━━━━━ THE DATA ━━━━━

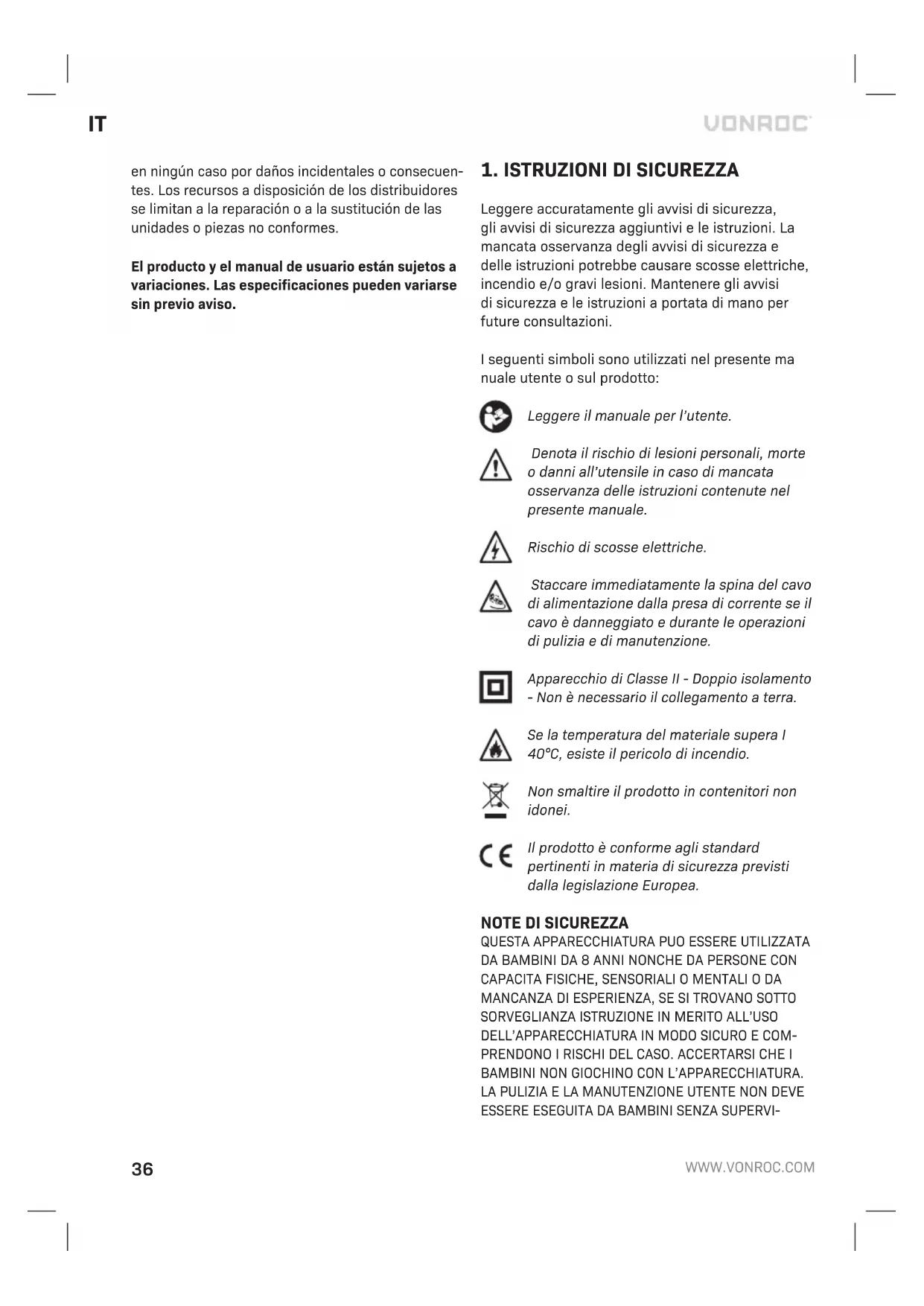 I prodotti VONROC sono sviluppati secondo i più elevati standard di qualità e viene garantita l’assen- za di difetti nei materiali e nella manodopera per il periodo contrattuale a partire dalla data di acquisto originale. Qualora il prodotto dovesse subire un guasto qualsiasi durante questo periodo a causa di difetti nei materiali e/o nella manodopera, si prega di contattare direttamente il VONROC. Le seguenti circostanze sono escluse da questa garanzia:
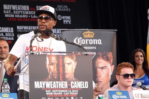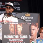Canelo raised his game in the city that Mayweather calls his ‘second hometown’ by pairing a grey v-neck shirt with black corduroy pants, stylish shades and shiny black shoes. Mayweather, whom Richard Schaefer labeled a trendsetter in “fashion, style and show biz,” sported a custom T-shirt with the words Money, Power and Respect on the front and his pre-Guerrero ring record of 43-0 spelled out in Roman numbers.
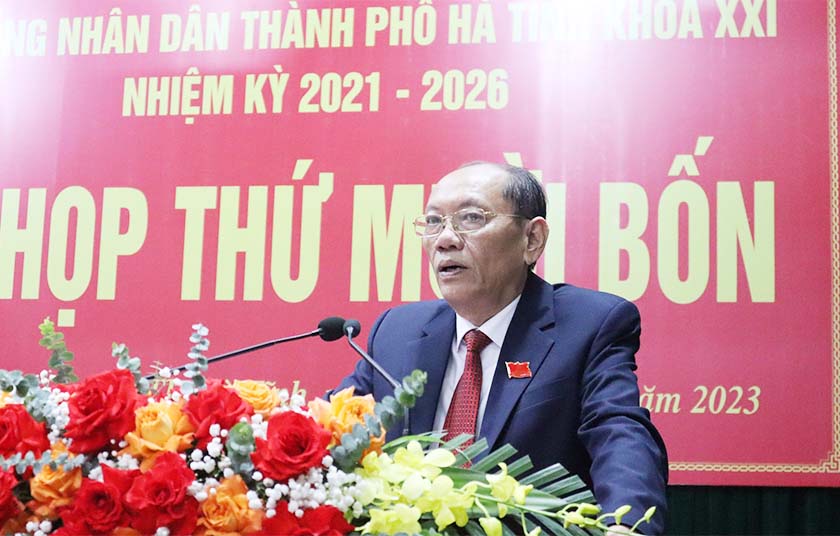 Tại kỳ họp đại biểu đã nghe Phó Chủ tịch UBND TP Hà Tĩnh Lê Quang Đức trình bày báo cáo kết quả thực hiện nhiệm vụ phát triển kinh tế - xã hội, quốc phòng - an ninh năm 2023 và quyết định mục tiêu, giải pháp thực hiện nhiệm vụ năm 2024.

━━━━━

**WHAT IS BEING ASKED:**
Restate word for word the lines beginning with the one that contains "Canelo raised his" and ending with the last line of the listing; pictures stay out.

**OUTPUT OF THE TASK:**
Canelo raised his game in the city that Mayweather calls his ‘second hometown’ by pairing a grey v-neck shirt with black corduroy pants, stylish shades and shiny black shoes. Mayweather, whom Richard Schaefer labeled a trendsetter in “fashion, style and show biz,” sported a custom T-shirt with the words Money, Power and Respect on the front and his pre-Guerrero ring record of 43-0 spelled out in Roman numbers.
 Tại kỳ họp đại biểu đã nghe Phó Chủ tịch UBND TP Hà Tĩnh Lê Quang Đức trình bày báo cáo kết quả thực hiện nhiệm vụ phát triển kinh tế - xã hội, quốc phòng - an ninh năm 2023 và quyết định mục tiêu, giải pháp thực hiện nhiệm vụ năm 2024.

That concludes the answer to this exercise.